|Housing Starts||US CPRI||Specialty Chemical Market Volumes|
Running tab of macro indicators: 16 out of 20
The number of new jobless claims fell by 34,000 to 444,000 during the week ending 15 May, the lowest level since before the national emergency declared for the COVID-19 pandemic. Continuing claims rose by 111,000 to 3.751 million and the unemployment rate for the week ending 8 May rose 0.1 points to 2.7%.
With many construction materials in tight supply and a shortage of workers, the momentum in the homebuilding fell back in April with housing starts off 9.5%, well below expectations. The decline was especially pronounced in new family construction which fell 13.4%. The largest declines were in the Midwest and South. Compared to a year ago (at the nadir of the pandemic lockdowns), starts were ahead by 67.3%. Forward-looking building permits edged higher by 0.3% with declines in single-family offset by gains in permits for large multi-family projects. Builder confidence (NAHB/ Wells Fargo) held stable in May, despite growing concerns over the price and availability of most building materials, including lumber.
The NAHB/Wells Fargo Housing Market Index (HMI) at 83 in May shows that builder confidence in the market for newly built single-family homes is unchanged from April and remains strong due to a lack of inventory, low mortgage interest rates, and favorable demographics. Scarce material availability and cost hikes were a major concern as was labor availability.

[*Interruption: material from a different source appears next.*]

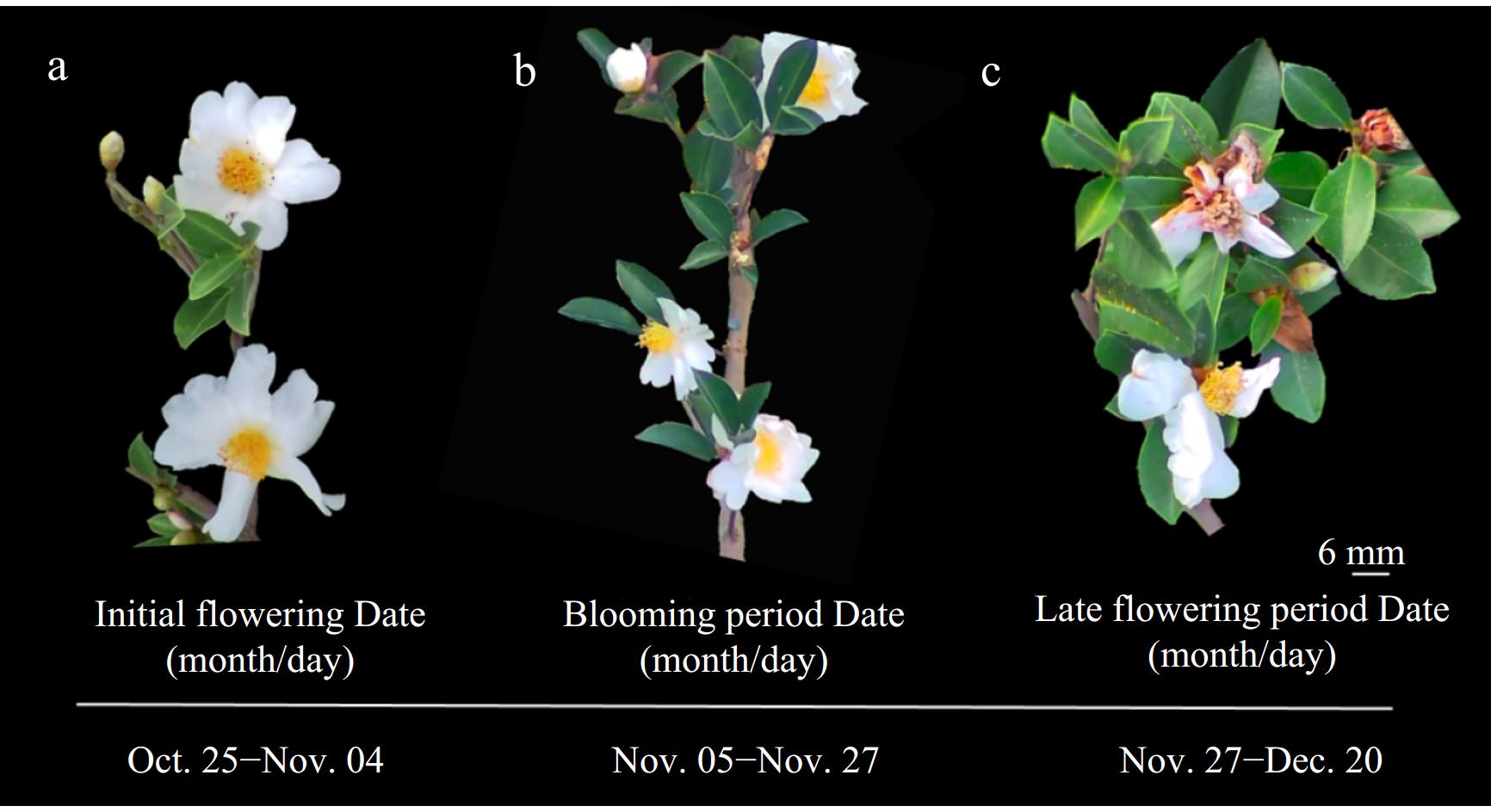 Flowering phenology of C. hainanica 'H4' in 2023. (a) Initial flowering date (Oct. 25–Nov. 4); (b) blooming period date (Nov. 5–Nov. 27); (c) late flowering period date (Nov. 27–Dec. 20).

Reflecting continued tight inventories, existing home sales fell for a third month in April, down 2.7% compared to March. Expectations were for a gain. Compared to last year (during the height of the lockdowns), sales were up 33.9%. Compared to March, inventories of unsold homes were up at the end of April, but down 20% compared to a year ago. At the current sales rate, that represents a 2.4-month supply, higher than the 2.1-month supply in March, but still historically low. Reflecting the tight market, 88% of homes sold in April had been on the market for less than a month. Compared to a year ago, the median sales price was up 19.1%.
In its latest Empire State Manufacturing Survey, the New York Fed reported that the headline general business conditions index eased 2.0 points to 24.3, a reading showing manufacturing activity continued to grow at a solid pace. New orders and shipments continued to expand strongly, and unfilled orders increased. Delivery times lengthened significantly, and inventories moved somewhat higher. Employment levels grew modestly, and the average workweek increased. Looking ahead, firms remained optimistic that conditions would improve over the next six months and expected significant increases in employment and prices. The Philly Fed reported in its Manufacturing Business Outlook Survey that manufacturing activity in the region continued to grow, with the headline current index for general activity easing 18.7 points to +31.5, still a very solid level. The easing was led by orders and shipments but readings but remained elevated. Additionally, employment increases were less widespread this month, while both price indexes reached long-term highs. Most future indexes moderated this month but continue to indicate that the firms expect growth over the next six months.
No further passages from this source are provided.